Action item: Please print, exactly, only the lines in the entries below from the line that has "Download or print" through the line that has "Double bedroom with". Pictures don't go in.

Records for this exercise:
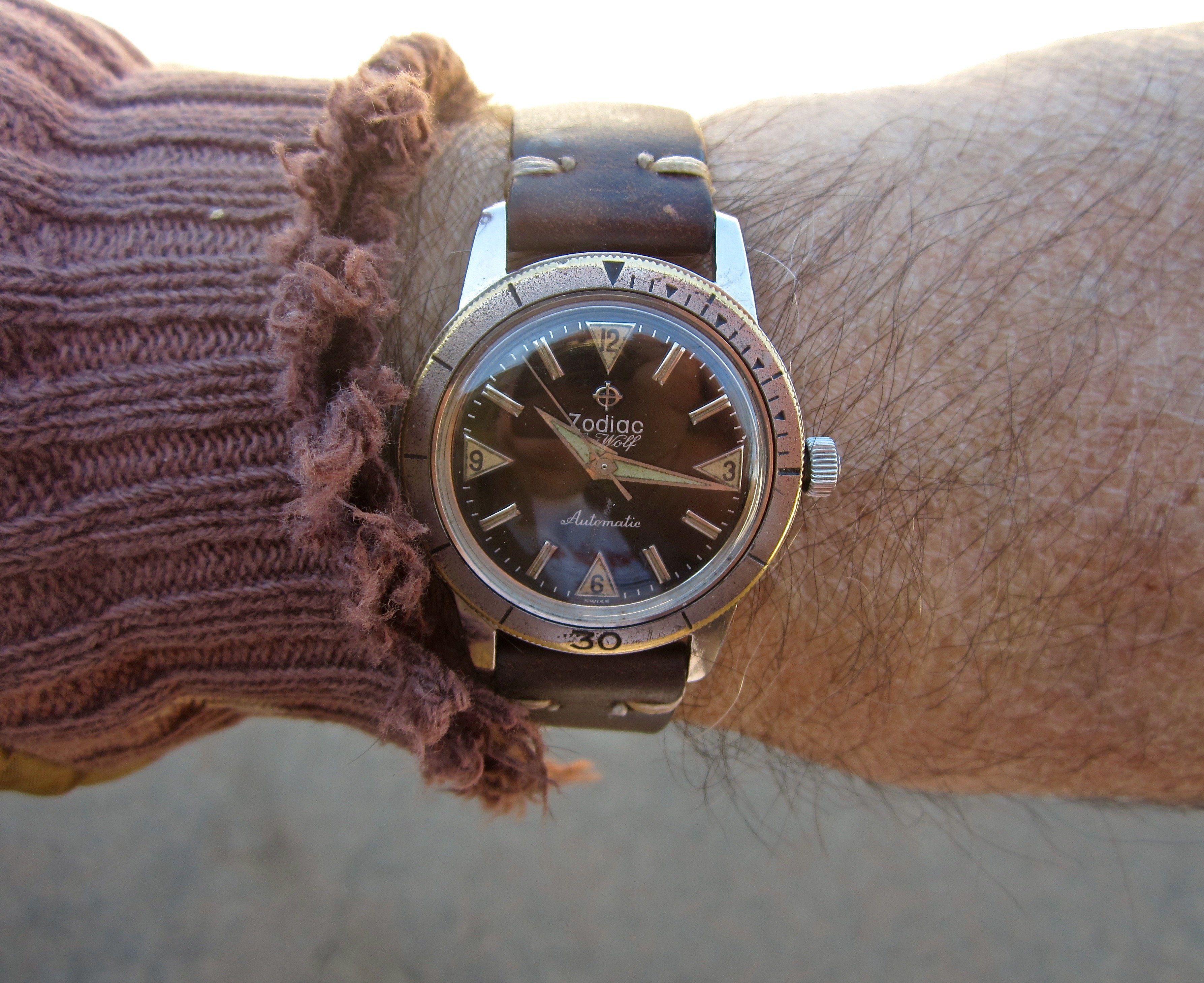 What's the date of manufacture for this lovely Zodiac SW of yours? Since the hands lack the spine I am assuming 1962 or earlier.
==
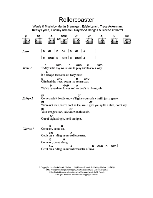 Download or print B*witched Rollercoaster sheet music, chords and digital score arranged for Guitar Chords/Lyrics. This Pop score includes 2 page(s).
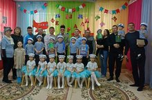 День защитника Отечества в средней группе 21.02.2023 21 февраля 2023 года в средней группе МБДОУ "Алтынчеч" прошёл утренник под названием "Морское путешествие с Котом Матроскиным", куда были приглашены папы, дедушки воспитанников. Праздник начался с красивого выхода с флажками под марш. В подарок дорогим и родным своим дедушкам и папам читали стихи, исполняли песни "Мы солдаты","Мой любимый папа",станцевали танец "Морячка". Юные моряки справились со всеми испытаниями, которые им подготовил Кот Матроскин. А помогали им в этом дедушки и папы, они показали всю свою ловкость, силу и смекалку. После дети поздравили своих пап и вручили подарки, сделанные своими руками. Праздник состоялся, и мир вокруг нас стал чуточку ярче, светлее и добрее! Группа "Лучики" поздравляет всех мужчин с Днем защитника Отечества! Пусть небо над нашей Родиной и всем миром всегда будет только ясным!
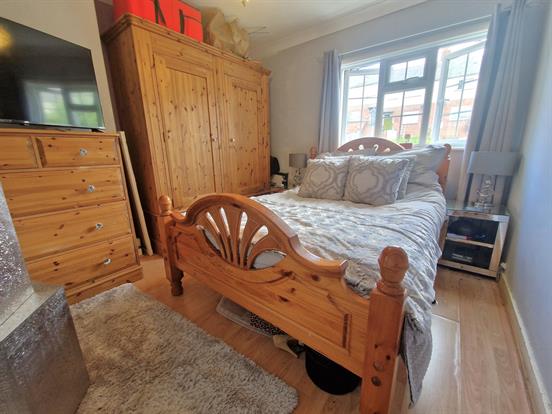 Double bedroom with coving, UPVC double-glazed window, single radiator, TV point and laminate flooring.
==
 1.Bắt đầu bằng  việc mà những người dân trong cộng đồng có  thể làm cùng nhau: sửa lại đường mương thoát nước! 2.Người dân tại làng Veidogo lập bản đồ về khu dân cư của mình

Output below:
 Download or print B*witched Rollercoaster sheet music, chords and digital score arranged for Guitar Chords/Lyrics. This Pop score includes 2 page(s).
 День защитника Отечества в средней группе 21.02.2023 21 февраля 2023 года в средней группе МБДОУ "Алтынчеч" прошёл утренник под названием "Морское путешествие с Котом Матроскиным", куда были приглашены папы, дедушки воспитанников. Праздник начался с красивого выхода с флажками под марш. В подарок дорогим и родным своим дедушкам и папам читали стихи, исполняли песни "Мы солдаты","Мой любимый папа",станцевали танец "Морячка". Юные моряки справились со всеми испытаниями, которые им подготовил Кот Матроскин. А помогали им в этом дедушки и папы, они показали всю свою ловкость, силу и смекалку. После дети поздравили своих пап и вручили подарки, сделанные своими руками. Праздник состоялся, и мир вокруг нас стал чуточку ярче, светлее и добрее! Группа "Лучики" поздравляет всех мужчин с Днем защитника Отечества! Пусть небо над нашей Родиной и всем миром всегда будет только ясным!
 Double bedroom with coving, UPVC double-glazed window, single radiator, TV point and laminate flooring.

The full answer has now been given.